1 To whom correspondence should be addressed. E-mail: cronco{at}goldnet.it.


   Abstract

Acute kidney injury (AKI) in the intensive care unit (ICU) is associated with an enhanced mortality. The Acute Dialysis Quality Initiative group has proposed the RIFLE (Risk-Injury-Failure-Loss-ESRD) classification to standardize the approach to AKI. This study was performed to estimate the AKI incidence in ICU patients in northeastern Italy and describe clinical characteristics and outcomes of patients with AKI on the basis of their RIFLE class.
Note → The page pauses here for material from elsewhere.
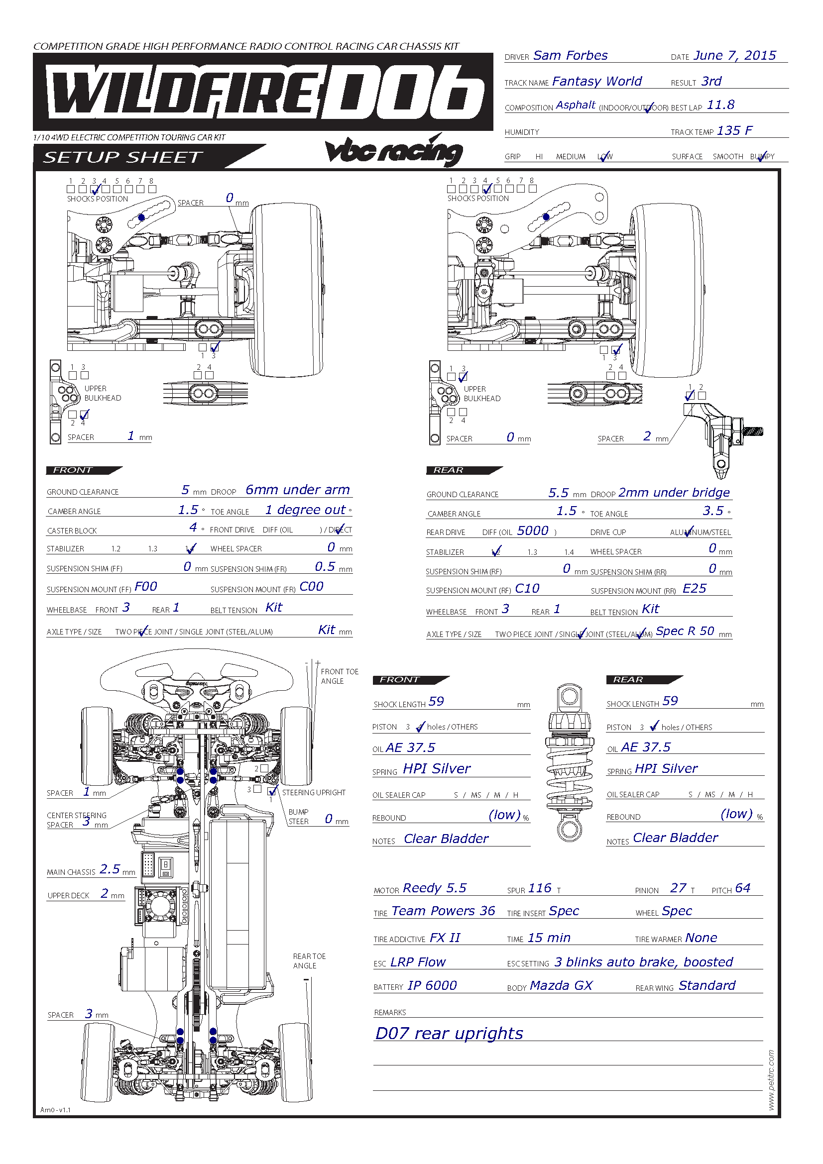 Here is a preliminary setup sheet from the race last weekend at Fantasy World Hobbies. I'm sure this will change as the Summer season unfolds, but it's a starting point.
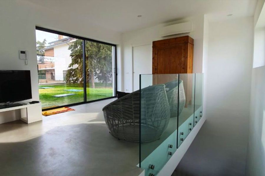 Per la zona esterna, il progetto ha previsto l’installazione di balaustre in vetro extrachiaro, pensate per valorizzare gli spazi verdi senza ostacolare la vista panoramica. La trasparenza e la leggerezza visiva delle balaustre conferiscono un tocco di eleganza contemporanea e garantiscono al contempo:

A prospective multicenter observational study was performed of patients who fulfilled AKI criteria in 19 ICU in northeastern Italy. Data were analyzed using multivariate logistic regression and survival curve analysis. Of 2164 ICU patients who were admitted during the study period, 234 (10.8%; 95% confidence interval 9.5 to 12.1%) developed AKI; 19% were classified as risk (R), 35% as injury (I), and 46% as failure (F). Preexisting kidney disease was present in 36.8%. The most common causes of AKI were prerenal causes (38.9%) and sepsis (25.6%). At diagnosis of AKI, median serum creatinine and urine output were 2.0 mg/dl and 1100 ml/d, respectively. ICU mortality was 49.5% in class F, 29.3% in I, and 20% in R. Independent risk factors for mortality included RIFLE class, sepsis, and need for renal replacement therapy, whereas a postsurgical cause of AKI, exposure to nephrotoxins, higher serum creatinine, and urine output were associated with lower mortality risk. In this study, AKI incidence in the ICU was between 9 and 12%, with 3.3% of ICU patients requiring renal replacement therapy. Sepsis was a significant contributing factor. Overall mortality was between 30 and 42%, and was highest among those in RIFLE class F.